The commitment level of varsity student athletes playing on a year-round basis is significantly greater than what club sports experience. Roche pointed out this exact reason is what draws people to join club teams.
“Not that they’re better athletes or better people or anything like that, they just put in a lot more time. It’s not an everyday thing for club teams,” Roche said. “We don’t have to be at every practice or even every game because the commitment level is far less.”
Practice time consists of fundamentals and basics taught in youth levels because the majority of the team has no experience playing.
Roche said, “We have to teach them the game, almost like you’re getting down to the bare bones because a lot of them, probably at least 40% of them, have never played lacrosse before, which I actually love.”
He added he admired how bold enough people are to try something new.
“They’re willing to come out and try something new, and maybe even not be very good at it. But they show up at practice and work hard,” Roche said.
Roche added the main focus of the lacrosse program is working hard, being competitive, and also having fun. Whereas the focus for a varsity sport is directed in a different way.
“Yeah we want to win, but we also want the guys to have a really solid experience and like the program and like the way the team chemistry is, and spend time outside of practices and games and get to know each other,” Roche said.
He added college is all about being a better person and student athlete, while engaging a little more in the community.
Roche said he is grateful for the “good culture” the team has with each other. He emphasized trying to find a role for everyone.
“Maybe somebody may be inexperienced or doesn’t know certain things, but they’re really fast or strong,” he added. “We find certain areas of the team – either offense or defense – they can excel at and can succeed.”
Roche said the biggest impact he sees from his team is the humility – the fact somebody comes in and is learning about the sport while having fun.
“The fact that so many of these kids are humble and for lack of term suck at something as compared to the guy next to him, but [they] are willing to work at it and get better,” he added.
Roche said the main goal for next year’s season is to get back to campus, meet people, and connect with their teammates and other students once again.
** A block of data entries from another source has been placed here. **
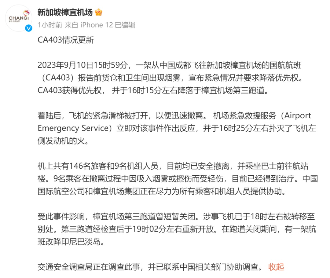 当晚,新加坡樟宜机场官方微博发布了国航CA403航班最新情况: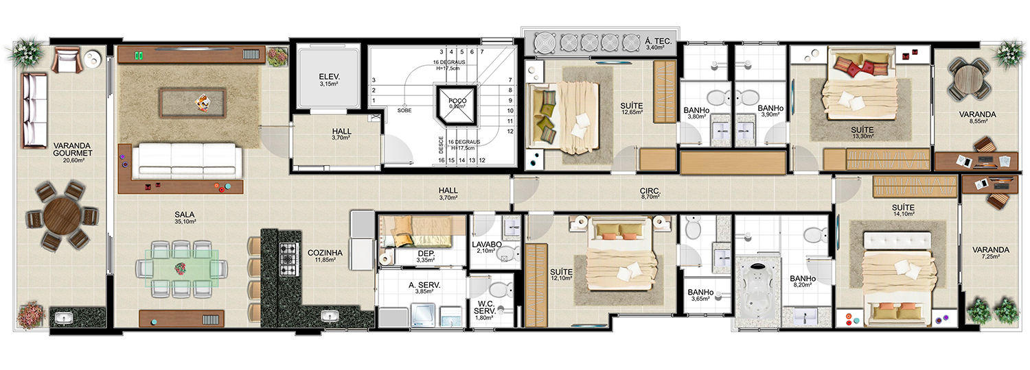 Apartamento com 4 suítes, sala ampla e varanda gourmet de frente para o mar.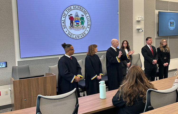 Wilmington University School of Law recently welcomed the Delaware Supreme Court to its campus in North Wilmington, where students had the rare opportunity to watch oral arguments in two actual cases. The experience offered a direct view of the appellate process as it unfolded in real time, with real litigants, active legal questions, and immediate stakes.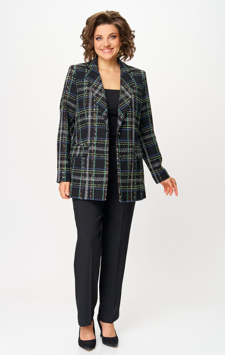 Комплект женский-двойка,из костюмной ткани, жакет удлиненный, свободного силуэта с центральной бортовой застежкой на пуговицы до линии перегиба лацкана. По переду имеется отрезной бочок и вертикальные вытачки. С прорезными карманами с клапаном и двумя обтачками. Спинка цельная. Воротник пиджачного типа. Рукав двухшовный, втачной. Жакет на подкладке. Длина рукава 63 см, длина по спинке 75 см. Брюки прямые, классические, из текстильной ткани, с заутюженными стрелками, по переду обработаны карманы с отрезным бочком, застежка на тесьму-молнию и 1 пуговицу. На задних половинках обработаны вытачки и имитация карманов с листочкой, пояс в брюках притачной. Длина брюк от талии по боковому шву 103 см.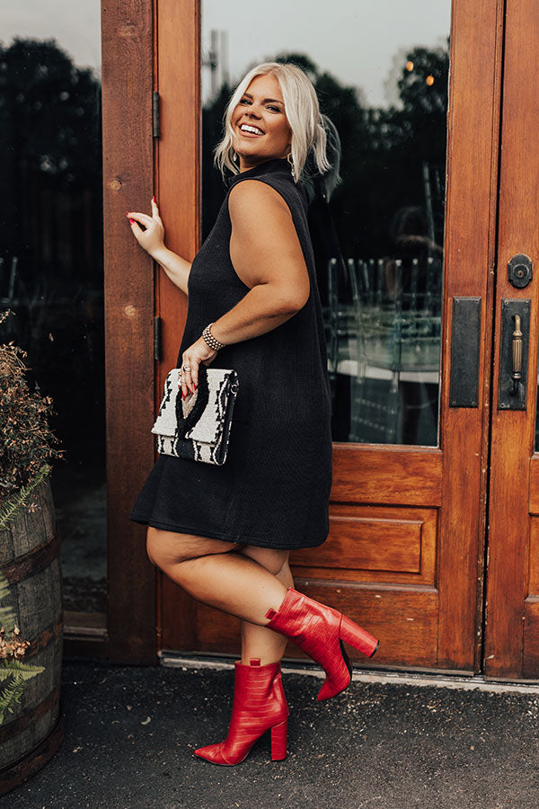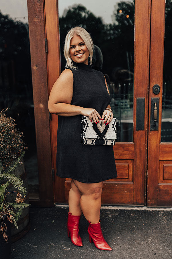 Plus Size - - May all your fall style wishes come true with this cute black shift dress featuring soft lightweight and flowy material with subtle ribbed texturing, a high rounded neckline, wide sleeveless shoulder straps, and a relaxed silhouette that ends in a straight mid-thigh length hemline!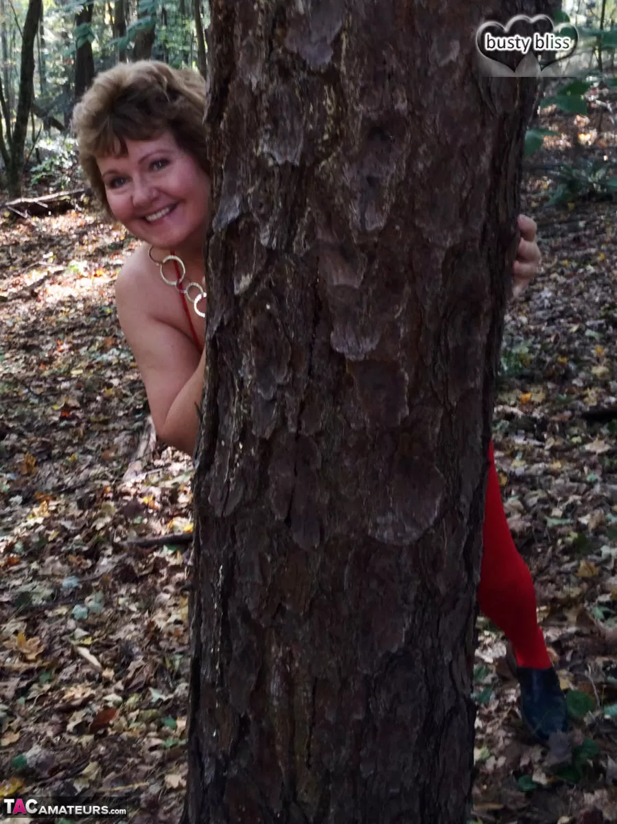 Пожилая грудастая любительница Блисс демонстрирует свои большие натуральные сиськи обнаженн

Assuming a more normal semester next fall, Roche said he wants to get the word out that the staff wants people to play and will be having in-person meetings this fall.
He said, “It’s important that we turn the page for the next few months, get everybody back on campus in September, and understand how important it is to get vaccinated.”
Roche added he is more than excited for the fall and to get back to normal and do what he and the student athletes of Framingham State love to do – play.
“I wish it was starting tomorrow,” Roche said. “I just can’t wait to be in person, get back in the meeting room, and play lacrosse.”